Side-by-Side Comparison
- Cost: Direct insurer (no commission) vs broker (5 to 15% commission) vs insurtech (commission often comparable to broker but offset by lower process cost)
- Speed: Insurtech 3 to 7 days, direct insurer 7 to 14 days, broker 10 to 21 days
- Comparison breadth: Insurtech and broker both multi-insurer; direct is single
- Claims service: All three channels offer similar IRDAI-mandated claim support; broker advocacy and insurtech platform-driven service are the differentiators
- Ongoing support: Broker most hands-on, insurtech most automated, direct insurer most variable
Honest Channel Recommendations
- Early-stage startup (7 to 50 employees): Insurtech platform — fast onboarding, modern UX, multi-insurer comparison, low process overhead
- Mid-market company (50 to 500 employees): Insurtech platform or broker — choose based on whether you value digital experience or human advocacy
- Large enterprise (500 to 5,000 employees): Broker or insurtech with broker-grade service — multi-line programme complexity favours human relationship
- Global enterprise (5,000+ employees): Broker — multi-country coordination and bespoke programme design typically require human expertise
What Matters Beyond Channel Choice
Regardless of channel, the underlying policy is regulated identically. What matters most is:
- The IRDAI-licensed insurer underwriting the policy
- The TPA managing day-to-day claims
- The plan design (sum insured, dependant tier, riders, sub-limits)

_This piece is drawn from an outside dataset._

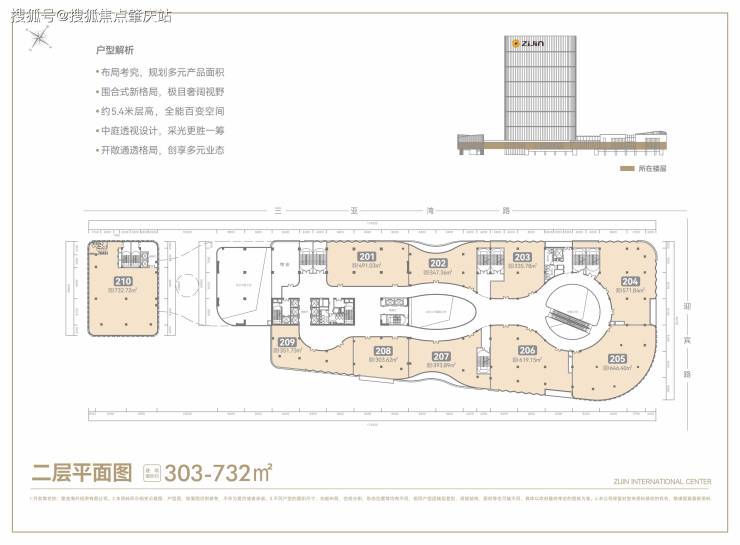 凤凰海岸单元——三亚中央商务区核芯片区,定位为旅游港自贸服务与邮轮、游艇、文化艺术综合消费区。紫金国际中心落位于此,匠造建面约6万方三亚湾芯·滨海都会综合体,实现区域城市服务、旅游文化、总部经济等产业资源全覆盖。
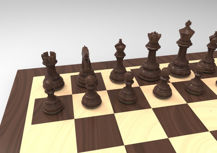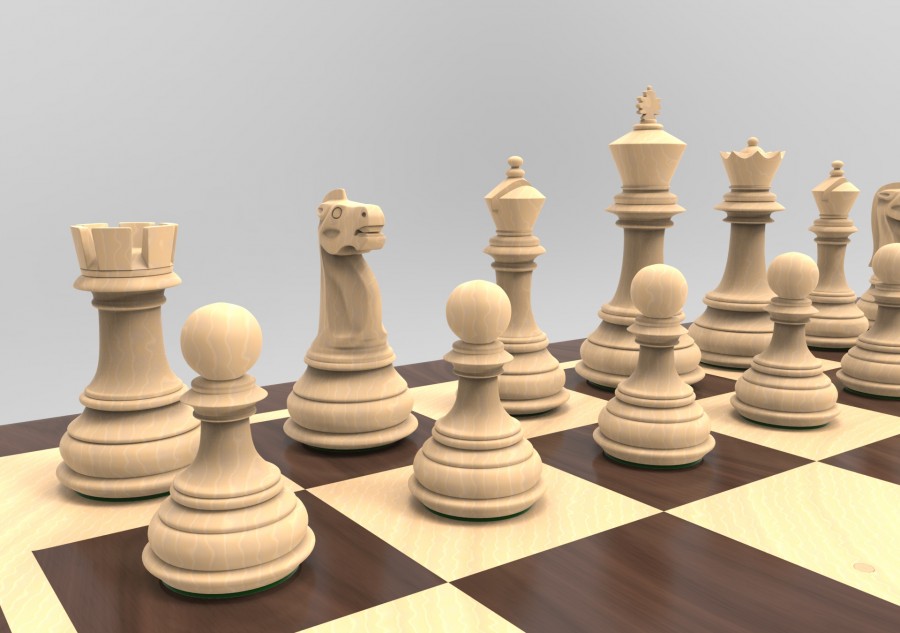 Danes sem dokončal še en izdelek in sicer šahovski komplet. Figure so narejene po fotografiji iz Googla, razen skakača, ki je malce prilagojen po mojem okusu. Sam model je bil narejen v programu Maya, rendiran pa v programu KeyShot. Mnenja dobrodošla.

- The renewal terms and premium calculation methodology
- The claims infrastructure during real hospitalisation events
How Plum Fits
Plum is an insurtech platform offering group health insurance for Indian companies starting at 7 employees. The platform combines multi-insurer comparison, digital onboarding within 3 to 7 working days, and a unified dashboard for enrolment, claims, and renewals. Plum partners with multiple IRDAI-licensed insurers including ICICI Lombard, HDFC ERGO, Bajaj General Insurance, Star Health, Niva Bupa, and Aditya Birla Health Insurance. Pre-existing conditions are covered from Day 1, the median pre-authorisation TAT is 45 minutes, and claims NPS is 79. The cashless hospital network for any plan depends on the insurer chosen.
Frequently Asked Questions
Are insurtech platforms cheaper than brokers?
Not necessarily on premium itself — both typically carry commission embedded in the quote. Insurtech platforms tend to have lower total cost of ownership when HR administration time and operational overhead are included.
Can I switch from a broker to an insurtech platform at renewal?
Yes. IRDAI portability rules allow employer switching at renewal with continuity of waiting periods and 60-month moratorium credits. The policy itself transfers; only the buying channel changes.
Is the broker's commission disclosed in the quote?
IRDAI rules require commission disclosure on request. Some brokers are transparent upfront; others embed commission in the premium without explicit breakdown. Ask if not provided.
Do all three channels offer the same insurers?
Most major IRDAI-licensed insurers are accessible through all three channels. Some specialised products (international cover, niche riders) may be available only through specific channels.